DATA SECTION |
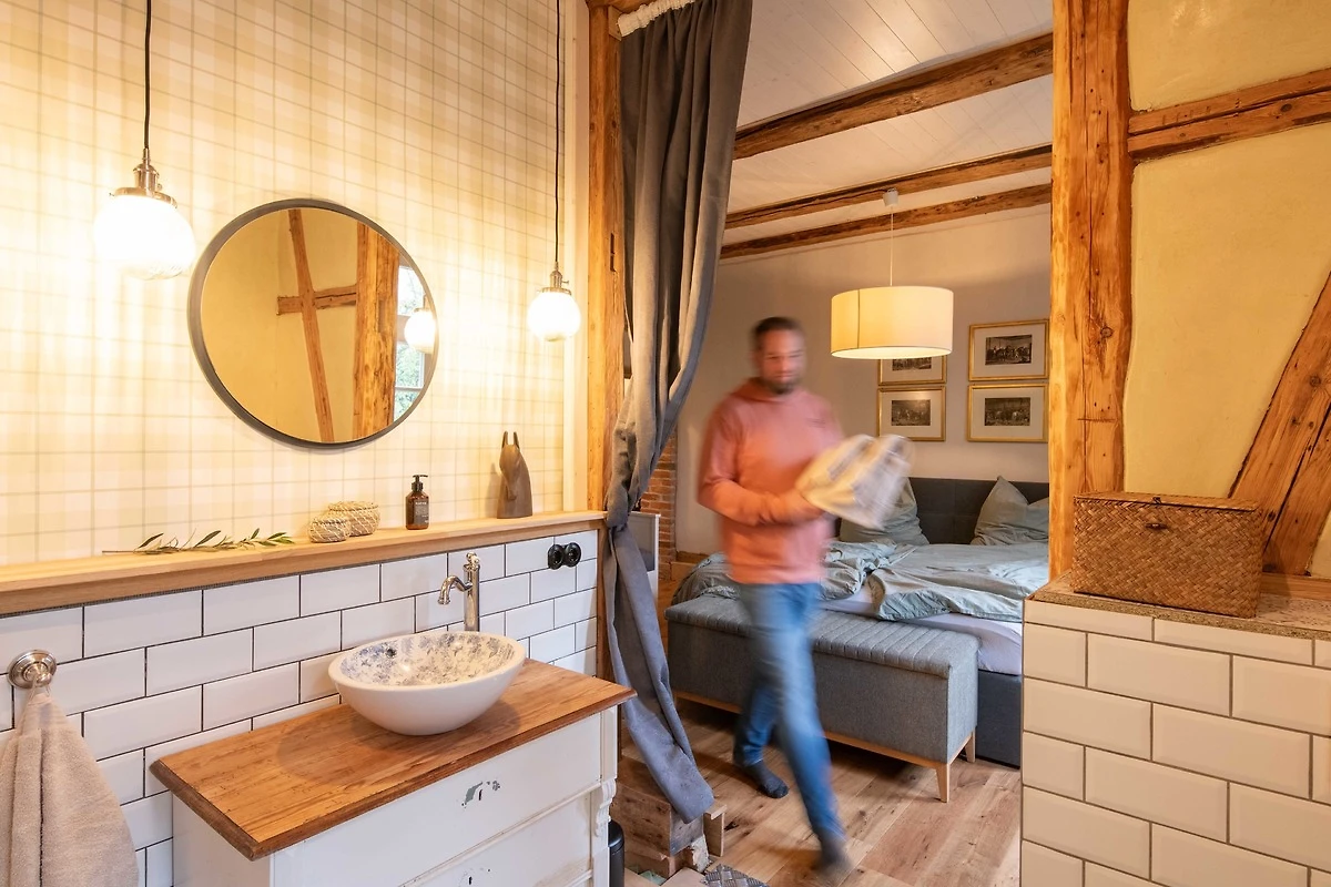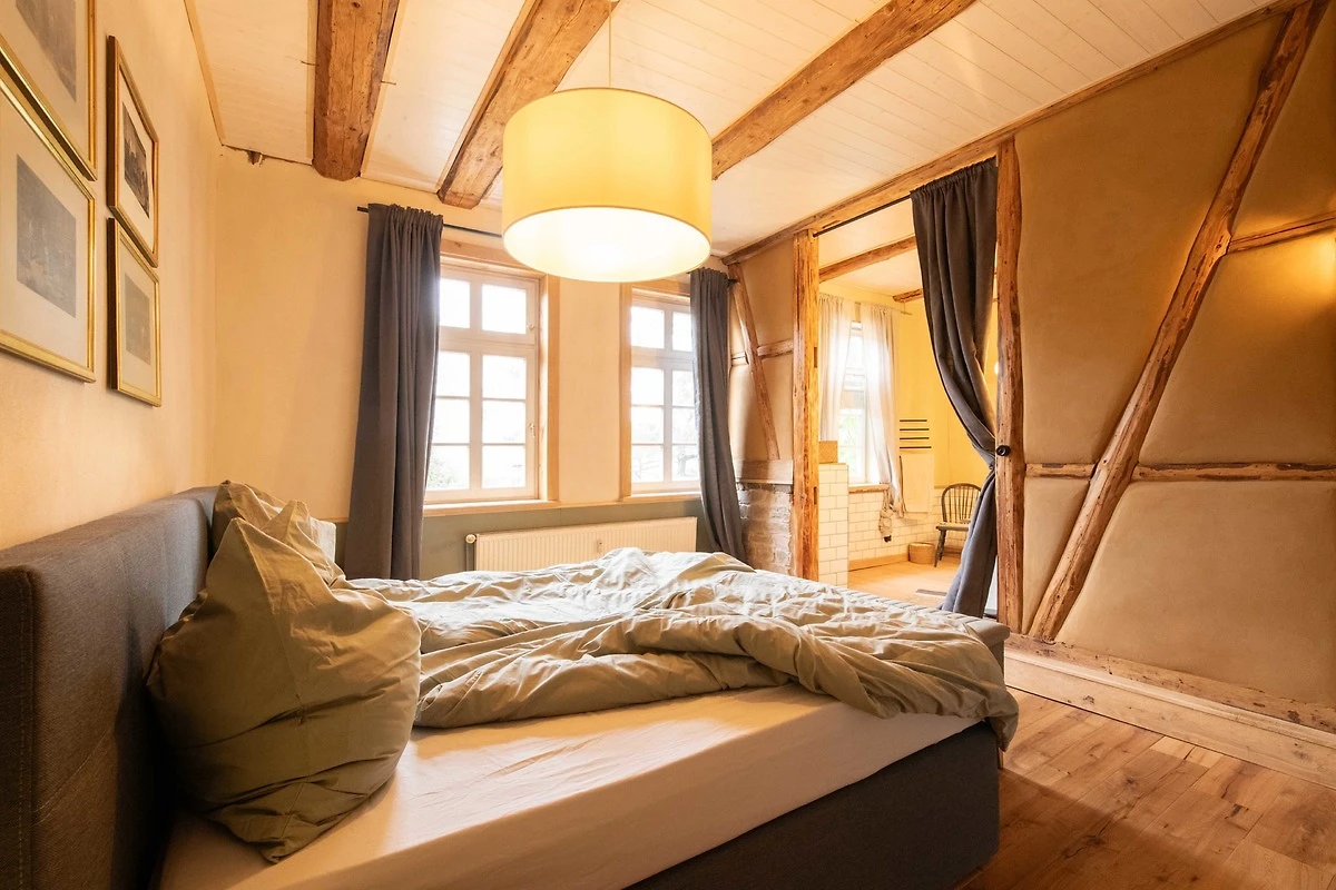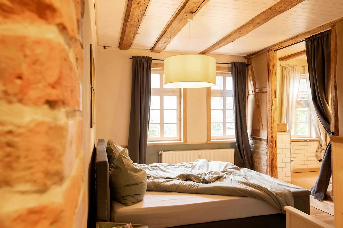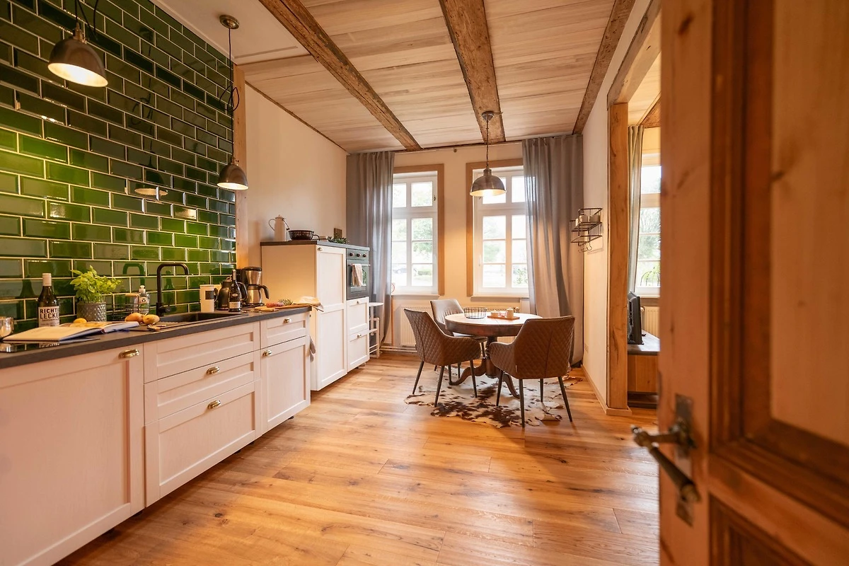 Der Gutshof mit seinem alten Gebäude- und Baumbestand liegt mitten im Weserbergland. Direkt angrenzend erstreckt sich das Areal der bekannten und renommierten Porzellanmanufaktur Fürstenberg, die im Schloss ein fantastisches Museum und am Schlosshof einen Werksverkauf betreibt. Vom Schlosshof hat man einen herrlichen Blick ins Wesertal. In Sichtweite liegt die Fachwerkstadt Höxter mit einem breiten Angebot an Gastronomie und Einkaufsmöglichkeiten. Für den täglichen Bedarf gibt es in Fürstenberg einen Dorfladen sowie eine Fleischerei mit Mittagsangeboten. Im Bistro Carl auf dem Schlosshof gibt es ebenfalls eine kleine saisonale Mittagskarte. Unser Hof bietet ausreichend Platz für Ihr Auto, Fahrrad oder Kanu. Hinter dem Haus führt ein Feldweg hinauf zur Kirschallee, die weiter in das tiefe Waldgebiet des Solling verläuft und zu stundenlangen Wanderungen ermuntert. In die andere Richtung erreicht man über einen Wanderweg am Schlossberg hinunter die Weser. Mit dem Rad empfehlen wir den Burgweg, der nach Boffzen führt und auf den Weser-Radweg mündet. Fürstenberg liegt etwa 100 Meter ÜBER der Weser!
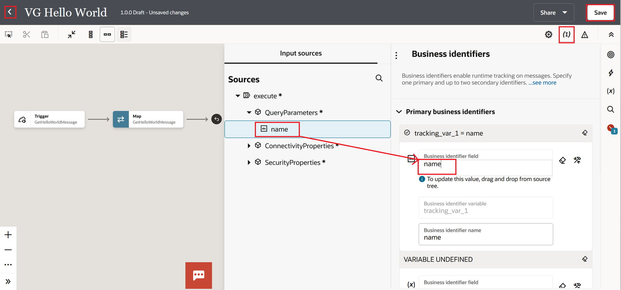 On the integration canvas, click the Business Identifiers icon (the one that looks like parentheses) on the top right toolbar. Drag the "name" field from the Sources panel and drop it onto the Business identifier field under Primary business identifiers. Click Save.
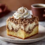 This Cinnamon Pecan Coffee Cake is a moist, tender cake layered with a cinnamon-pecan filling and topped with a buttery drizzle that caramelizes during baking, creating a crisp, flavorful crust. Perfect for breakfast, brunch, or a cozy coffee break, this cake pairs wonderfully with a cup of coffee or a dollop of whipped cream.

PROMPT | Any images must be left out; transcribe the rest of the material exactly.

SOLUTION |
 Der Gutshof mit seinem alten Gebäude- und Baumbestand liegt mitten im Weserbergland. Direkt angrenzend erstreckt sich das Areal der bekannten und renommierten Porzellanmanufaktur Fürstenberg, die im Schloss ein fantastisches Museum und am Schlosshof einen Werksverkauf betreibt. Vom Schlosshof hat man einen herrlichen Blick ins Wesertal. In Sichtweite liegt die Fachwerkstadt Höxter mit einem breiten Angebot an Gastronomie und Einkaufsmöglichkeiten. Für den täglichen Bedarf gibt es in Fürstenberg einen Dorfladen sowie eine Fleischerei mit Mittagsangeboten. Im Bistro Carl auf dem Schlosshof gibt es ebenfalls eine kleine saisonale Mittagskarte. Unser Hof bietet ausreichend Platz für Ihr Auto, Fahrrad oder Kanu. Hinter dem Haus führt ein Feldweg hinauf zur Kirschallee, die weiter in das tiefe Waldgebiet des Solling verläuft und zu stundenlangen Wanderungen ermuntert. In die andere Richtung erreicht man über einen Wanderweg am Schlossberg hinunter die Weser. Mit dem Rad empfehlen wir den Burgweg, der nach Boffzen führt und auf den Weser-Radweg mündet. Fürstenberg liegt etwa 100 Meter ÜBER der Weser!
 On the integration canvas, click the Business Identifiers icon (the one that looks like parentheses) on the top right toolbar. Drag the "name" field from the Sources panel and drop it onto the Business identifier field under Primary business identifiers. Click Save.
 This Cinnamon Pecan Coffee Cake is a moist, tender cake layered with a cinnamon-pecan filling and topped with a buttery drizzle that caramelizes during baking, creating a crisp, flavorful crust. Perfect for breakfast, brunch, or a cozy coffee break, this cake pairs wonderfully with a cup of coffee or a dollop of whipped cream.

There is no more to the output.